Exercise prompt.
Span requested from the data below: the line with "2012年度廣東扶貧濟困紅棉杯銅杯" through the line with "Az augusztusi szállítású", both included. Give only these lines again, exactly, and leave every picture out.

Data.
++++++
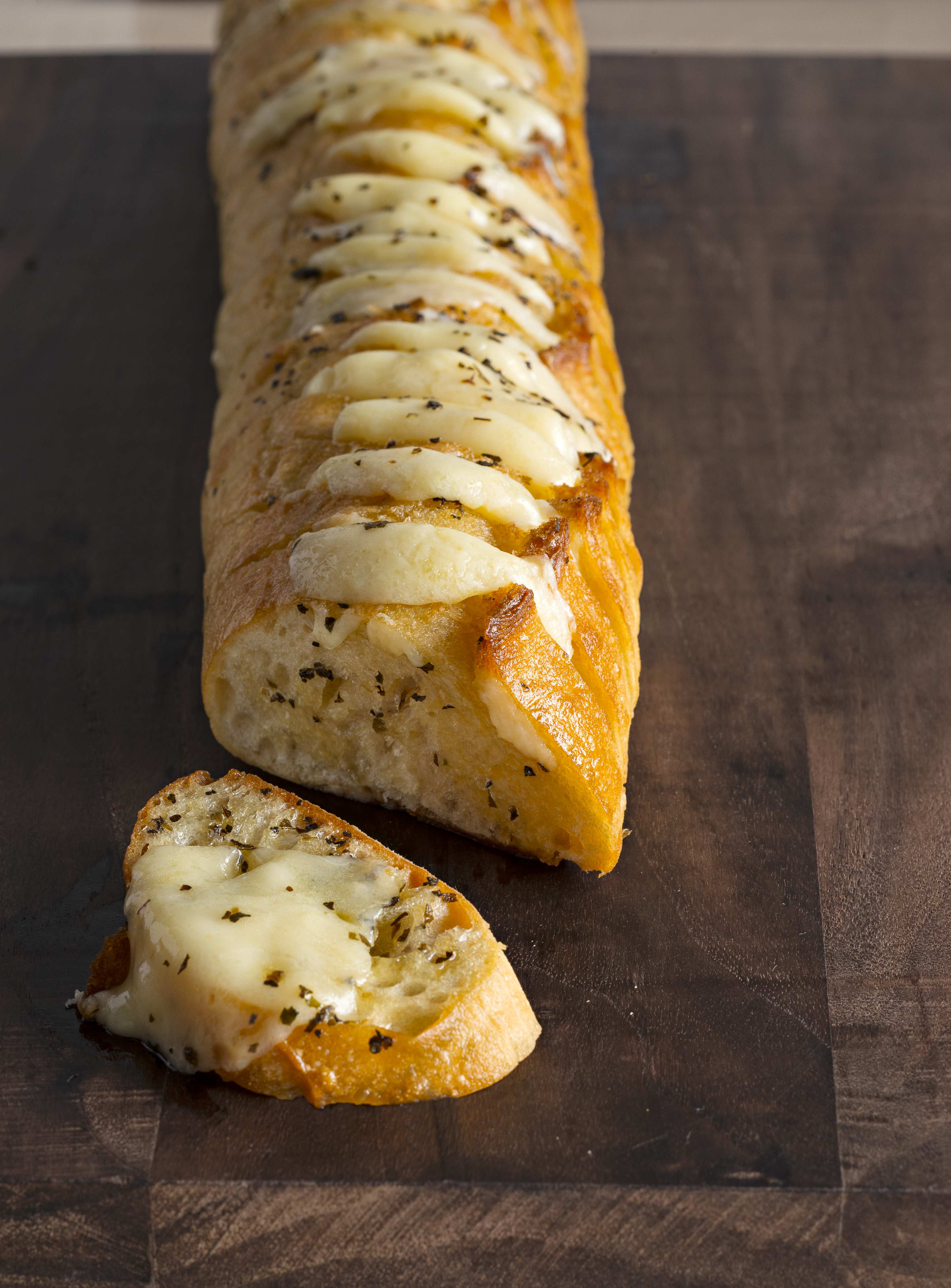 Use serrated knife to make 24 diagonal cuts in top of baguette, being careful to not cut through to bottom of baguette. Place, cut sides up, on baking sheet.
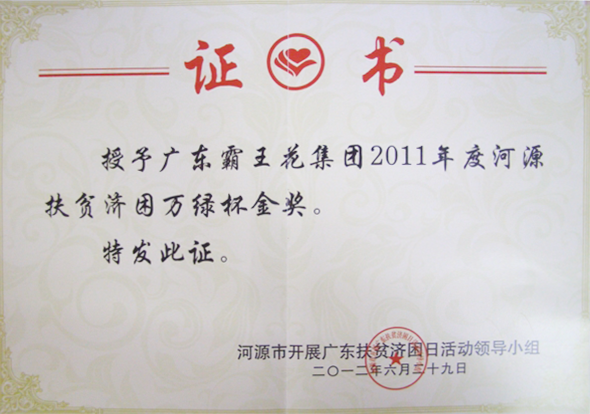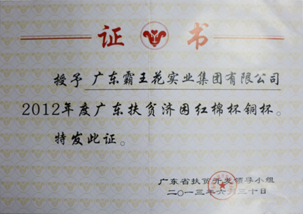 2012年度廣東扶貧濟困紅棉杯銅杯
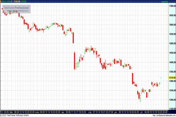 Az augusztusi szállítású arany jegyzése 2 százalékos, 26 dolláros emelkedés mellett 1318,90 dollárnál jár unciánként az elektronikus kereskedésben. Pénteken a kontraktus 0,7 százalékkal, a múlt héten összességében 1,2 százalékkal emelkedett a nemesfém árfolyama, miután a Fed elnöke a kongresszusi meghallgatásán arról beszélt, hogy a jegybanknak nincs előre megírt ütemterve a monetáris élénkítés lassítására.
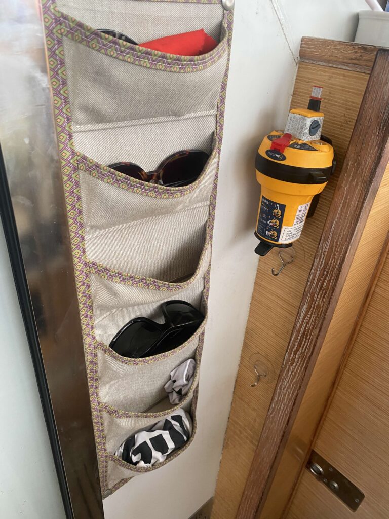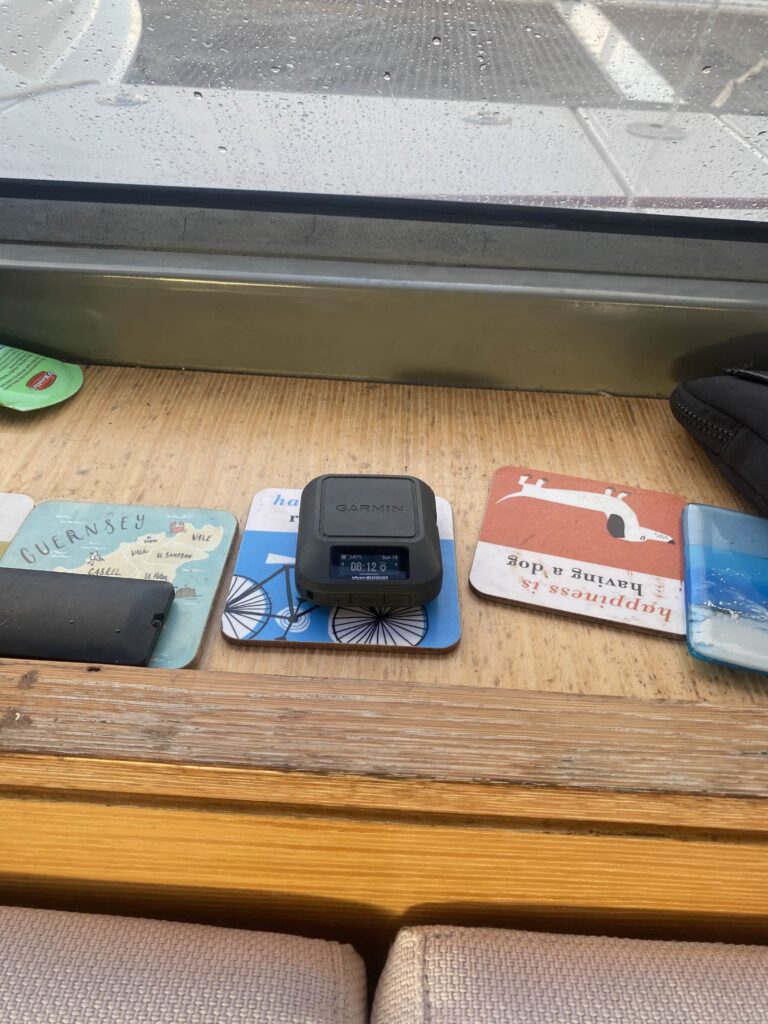 However, we also need to have a backup if Starlink were to go down (which it did for a few hours just before we left), and for that we have a Garmin Messenger. Very simple, waterproof, and with a long battery life, it’s what’s keeping our tracker up to date. It has a big “Emergency” button on the side if we ever needed to push it. You can also send and receive simple text messages. If we ever have to abandon ship, this would be one of the first things we’d grab.
++++++
Answer to this problem.
 2012年度廣東扶貧濟困紅棉杯銅杯
 Az augusztusi szállítású arany jegyzése 2 százalékos, 26 dolláros emelkedés mellett 1318,90 dollárnál jár unciánként az elektronikus kereskedésben. Pénteken a kontraktus 0,7 százalékkal, a múlt héten összességében 1,2 százalékkal emelkedett a nemesfém árfolyama, miután a Fed elnöke a kongresszusi meghallgatásán arról beszélt, hogy a jegybanknak nincs előre megírt ütemterve a monetáris élénkítés lassítására.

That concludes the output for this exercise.